TEXT

An Abolition Traitor

The text is a broadside editorial written by an anonymous laborer and published in New York on August 29, 1863.
Author
Democratic Workingman (Anonymous)
Grade Level

This text is part of the Teaching Hard History Text Library and aligns with Key Concept 4.

pamphlet for an abolition traitor

AN ABOLITION Traitor. 

There are traitors in the North as well as in the South, and there are abolitionists in the South as well as in the North. Some of the Southern abolitionists have strange views in regard to slavery and its abolition. Among the rest, the distinguished son of Georgia, Hon. Robert Toombs, holds a prominent place. His views are clearly stated in the following extract from one of his speeches on abolition. In speaking of the negro, he said---  

“His condition is not permanent among us, and we may find his exodus in the unvarying laws of population. Under the conditions of labor in England, and the continent of Europe, slavery could not exist here, or anywhere else.---The moment wages descend to a point barely sufficient to support the laborer and his family, capital cannot afford to own labor, and slavery instantly ceases. Slavery ceased in England in obedience to this law, and not from any regard to liberty or humanity. The increase of population will produce the same result in this country, and American slavery, like that of England, will find its euthanasy [death] in the general prostration of all labor. 

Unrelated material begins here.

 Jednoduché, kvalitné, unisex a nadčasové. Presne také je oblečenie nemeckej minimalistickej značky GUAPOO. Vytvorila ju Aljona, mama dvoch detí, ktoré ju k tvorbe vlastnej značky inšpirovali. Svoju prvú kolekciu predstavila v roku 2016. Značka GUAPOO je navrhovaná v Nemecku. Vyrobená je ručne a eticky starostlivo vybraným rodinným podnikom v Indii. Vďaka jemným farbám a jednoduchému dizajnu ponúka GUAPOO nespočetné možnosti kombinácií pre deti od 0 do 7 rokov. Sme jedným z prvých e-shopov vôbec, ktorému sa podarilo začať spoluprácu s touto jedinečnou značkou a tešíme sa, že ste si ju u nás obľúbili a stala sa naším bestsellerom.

Mr. Toombs believes that slavery will die out, when the wages of white workingmen are run down so low that “capital cannot afford to own labor;” in other words, when free white workingmen are reduced to the same level as negro slaves, then the negroes will be set free. We must make white men and their families as cheap as negro slaves! Workingmen! How do you like the prospect held out to you? 

Another traitor, the Richmond Enquirer, in an article showing the superiority of “the nigger” over white men, says 

“Free society is a monstrous abortion, and slavery, the beautiful, healthy, and natural state of being which they [the South] are trying to adopt.  

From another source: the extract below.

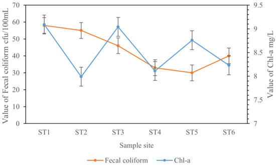 The monitoring of biological indicators included chlorophyll-a and fecal coliforms (Figure 4), chlorophyll-a, as the main component of chlorophyll, is closely related to the species and quantity of algae in the water, and its concentration affects watercolor, water quality, and primary productivity, serving as an indicative parameter, which reflects the nutrient level of the water body [62]. In the Waihu Reservoir, the concentration of chlorophyll-a was 8.54 ± 0.49 mg/m3, falling within the mesotrophic–eutrophic range (between 3.09 and 11 mg/m3), defined by the Organization for Economic Cooperation and Development (OECD) as a single indicator for the trophic status classification of lakes (reservoirs). No significant difference in chlorophyll-a concentration was observed between surface and deep water, suggesting that changes in water depth have minimal impact on chlorophyll-a concentration. Fecal coliforms serve as indicators of fecal contamination, primarily reflecting the presence of this bacterial group in the water [63]. The amount of fecal coliforms indicates the extent of fecal contamination and potential health risks. Fecal coliform counts at all monitoring sites at Waihu Reservoir met Class II water quality standards, indicating relatively low levels of fecal contamination from livestock and poultry farming activities within the reservoir area.

“The slaves are governed far better than the Free laborers of the North. 

Our slaves are not only better off as to physical comfort, than Free Laborers, but their moral condition is better.” 

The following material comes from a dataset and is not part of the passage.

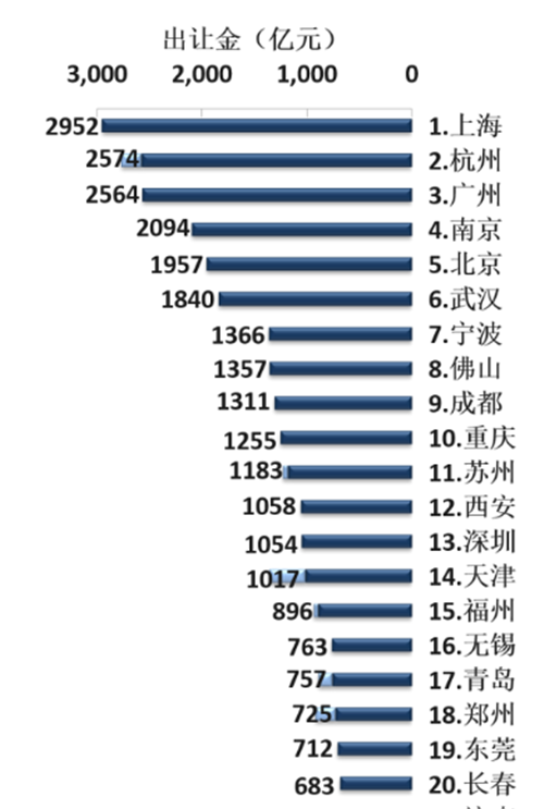 2020年土地出讓金額TOP20城市 數(shù)據(jù)來源:中指研究院

These are the sentiments advocated by men who are doing their utmost to destroy the Union, overthrow the institutions of popular freedom, and reduce free white workingmen to the same political, social, and moral condition as their slaves. 

Will the Workingmen of the Union help them any longer? 

A Democratic Workingman. 

NEW YORK, Aug. 29, 1863.

Source
This text is in the public domain. Retrieved from https://www.loc.gov/item/scsm000287/.
Text Dependent Questions
  1. Question
    Who is the intended audience of this particular editorial?
    Answer
    The intended audience can be found by the last full line of the editorial: “Will the Workingmen of the Union help them any longer?” The author is targeting the white labor class of the North (as this was published in New York City).
  2. Question
    The author identifies several “traitors” in this editorial. Who does the editorial call traitors and why?
    Answer
    The first “traitors” cited are Southern abolitionists because the editorial believes that these abolitionists want the freedom of African enslaved people at the expense of the labor and wages of white laborers. The editorial also accuses the Richmond Enquirer (newspaper) of being a traitor because it has criticized the society that supports free labor. In both cases the editorial states that these traitors “are doing their utmost to destroy the Union.”
  3. Question
    What is the main argument of the author? List words or phrases that support your analysis.
    Answer
    The word “abolition” focuses the conversation on the issue of slavery, about which the author has plenty to say. However, the main argument of the editorial is that the forces of those who both support and attack slavery do not support the interests of the working-class laborer. In addition to this, it is clear that the author is focused on the interests of laborers and not on the interests of those who are in dispute over the issue of slavery: “Workingmen! How do you like the prospect held out to you?”
  4. Question
    What does this editorial tell us about the attitude of Northerners toward the institution of slavery?
    Answer
    This editorial provides a complicated picture of Northern attitudes toward slavery. The dominant narrative of the Civil War is that most Northerners were antislavery if not fully abolitionist. What this perspective shows the historian is that people often see issues through the lens or the point of view of their own needs, fears and desires. In this editorial, the author is neither pro- nor antislavery. Rather, the author is arguing for the rights of white laborers in the North that may be compromised or limited by other powerful interests. Instead of not supporting slavery, the author seems to be warning against supporting those powerful people who will not support the laborer.